FREMONT, CA: Manulife Investment Management has released new standards for managing high-quality carbon credits in the forest and agriculture sectors. Its timberland purchase screening for existing carbon projects and prospective carbon project development prospects currently incorporates the new criteria. They speak to the company's goal of producing high-quality, high-integrity carbon credits for investors and the environment.
Manulife Investment Management's internal working group did a landscape study of the leading carbon standards developed by several independent organizations over the previous year. The working group then generated a set of carbon principles aligned with the draught Core Carbon Principles developed by the Integrity Council for the Voluntary Carbon Market. This newly formed governing body evolved from the Taskforce on Scaling Voluntary Carbon Markets. Critical elements of additionality, permanence, leakage, and reliable monitoring, reporting, and verification are included in the firm's new carbon rules, but they are not limited to them. Only projects that closely follow the new rules will be recommended by the internal carbon standards working group.
Carbon credits must help cut carbon emissions and support global climate change activities. The baselines must be specified as the emissions levels that occur in a typical company environment. For verification, issuance, and credit trading, it must be monitored, reported, and confirmed using recognized and certified intermediaries, platforms, and protocols administered by public or private organizations.

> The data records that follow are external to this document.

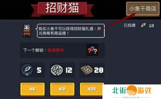 3、点击招财猫弹出的页面,右上角就是小鱼干商店。
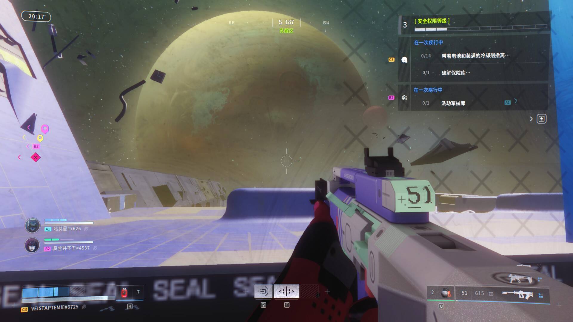接着聊聊地图。游戏共有四张地图:外围、恐怖沼泽、前哨和低温档案室。外围和恐怖沼泽是新手区域,主要展示殖民地风土人情。我认为和星空里的殖民星球差不多只能说是中等水平。而前哨则展示了游戏的真正野心。他们将本来用于pve的复杂地图改造一番后变成了一个pvp地图,而且还非常的好玩。前哨是一个活跃的UESC军事基地,布满探测器、安保机器人和环境危害,任何深入都可能引发激烈交火。而失控的天气生态系统会引发火雨,把户外区域化为炼狱,非常壮观。 。玩家需要搜集安全卡进入中心的塔状建筑“风轮”,这里藏有丰富战利品,同时是高频冲突的焦点。与其他PVP小图不同,马拉松通过安全卡数量限制和机制设计,让玩家在游玩时不像无头苍蝇。而通过各种捷径和通风管道,配合各种道具,让这张地图的战术也千变万化。此外,抬头可见马拉松号与天苍IV交错刚好会形成游戏的标志,也算是制作组的一个小巧思。
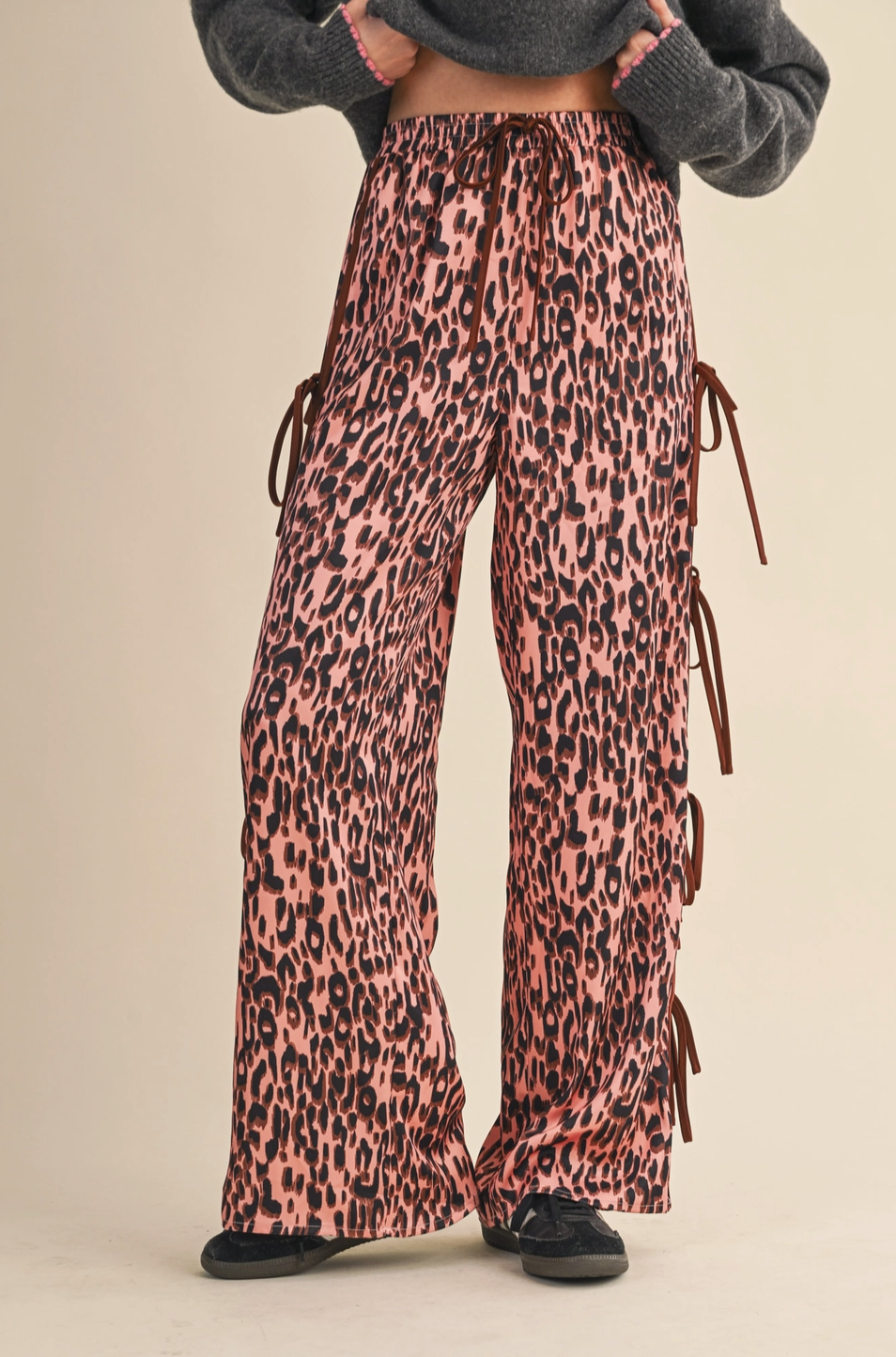 Brielle Raspberry Leopard Tie-Side Pants
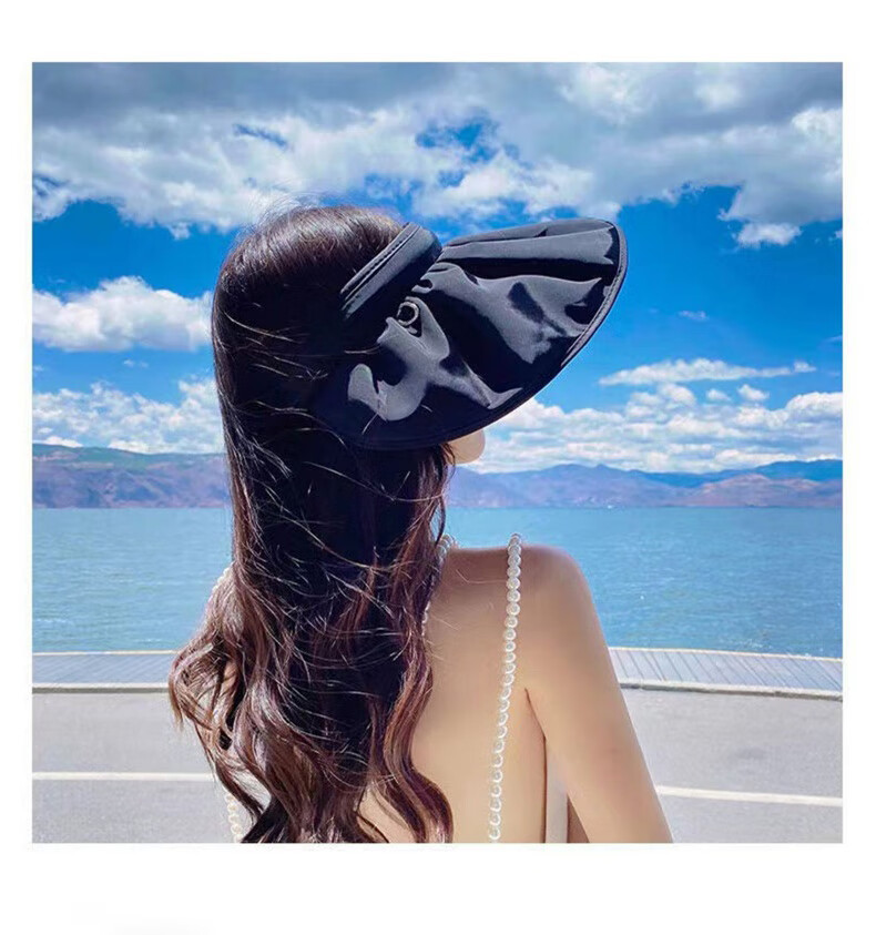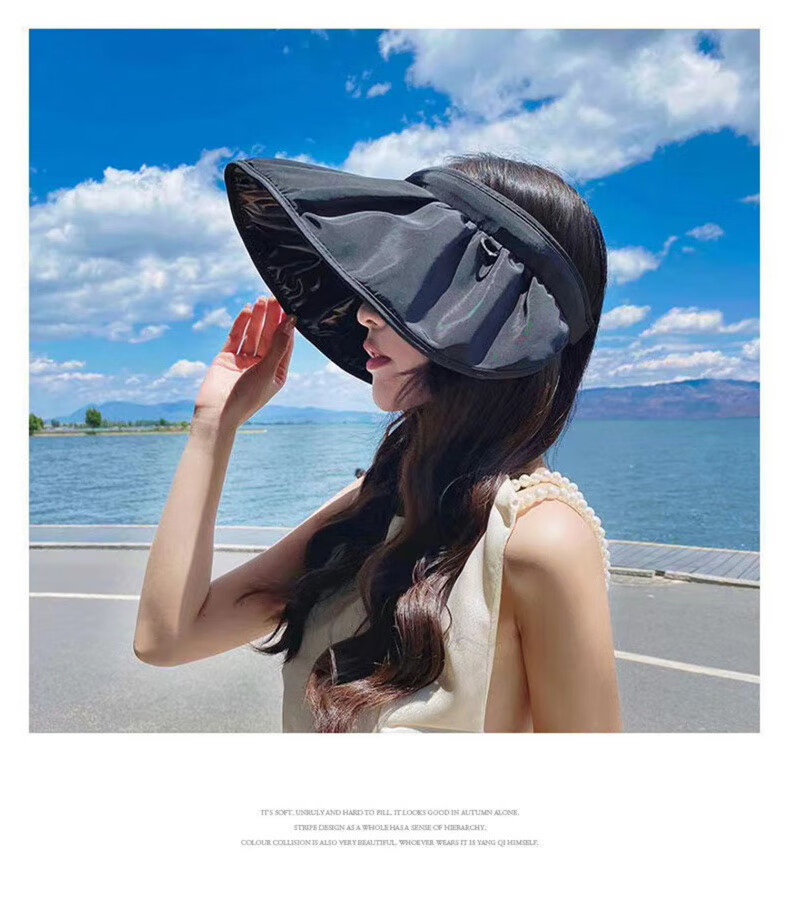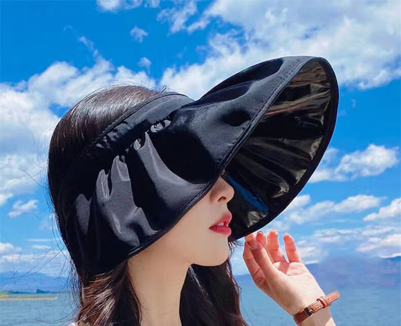 CHANEELR & KARITH sun protection hat for women 2025 new summer shell hat black plastic empty top hat birthday niche gift for girlfriend and wife black - black rubber bottom
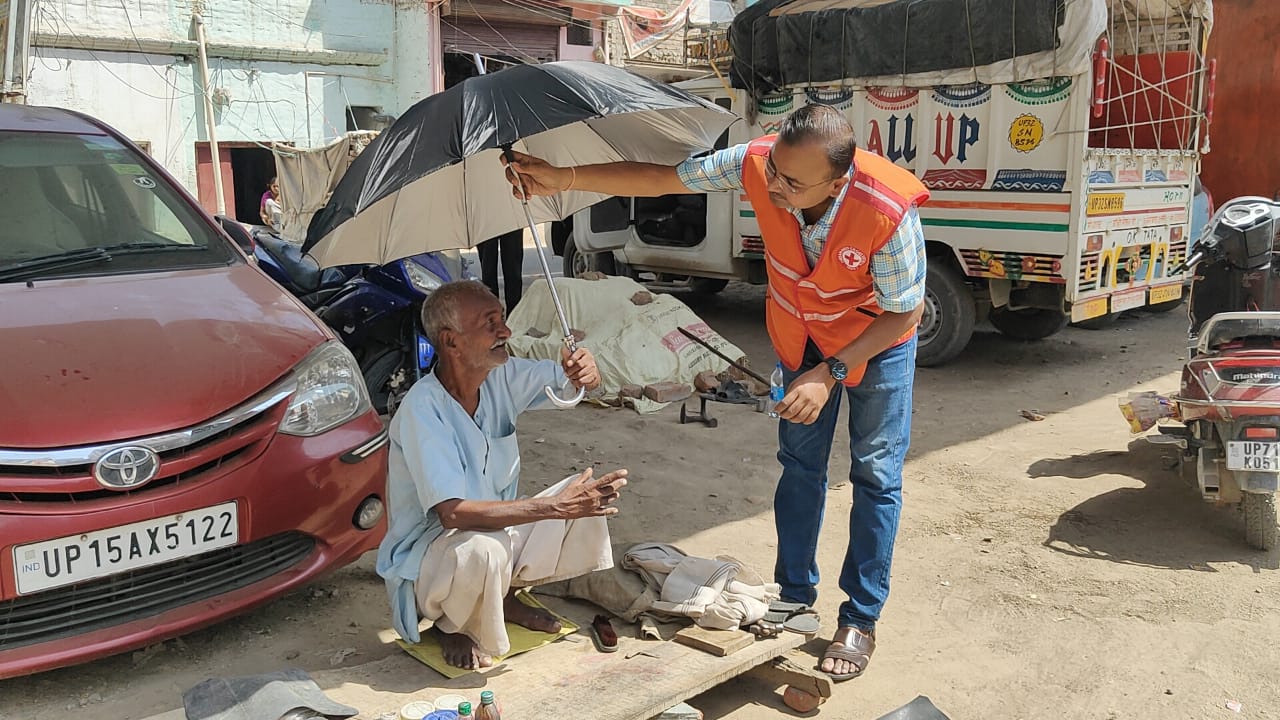 Umbrellas And Clothes Were Distributed To Protect From The Harsh Sun.
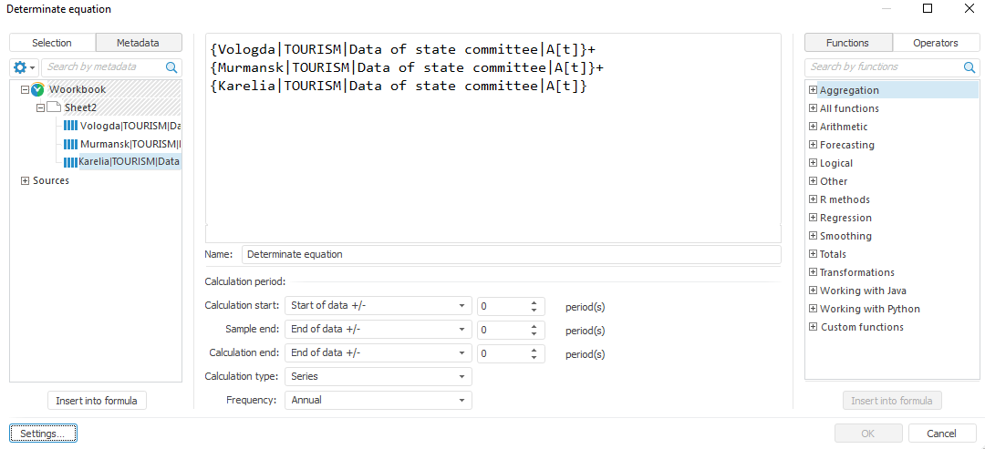 After the method is applied the expression editor opens, which is used to create a calculation formula for calculated series. For example:

It must also minimize and account for any leakage—calculate and minimize emissions that may transfer to nearby or adjacent locations that aren't participating, and focus on additional social and ecological benefits like improving biodiversity and minimizing negative externalities that may result from carbon project activities.
Across the United States, Canada, New Zealand, Australia, Brazil, and Chile, Manulife Investment Management administers over 6 million acres of timberland. It also manages almost 400,000 acres of prime farmland in the United States' major agricultural regions, as well as in Canada, Chile, and Australia. With a total AUM of USD 59.2 billion, the firm's private markets activities include private equity and credit, infrastructure, real estate, forests, and agriculture.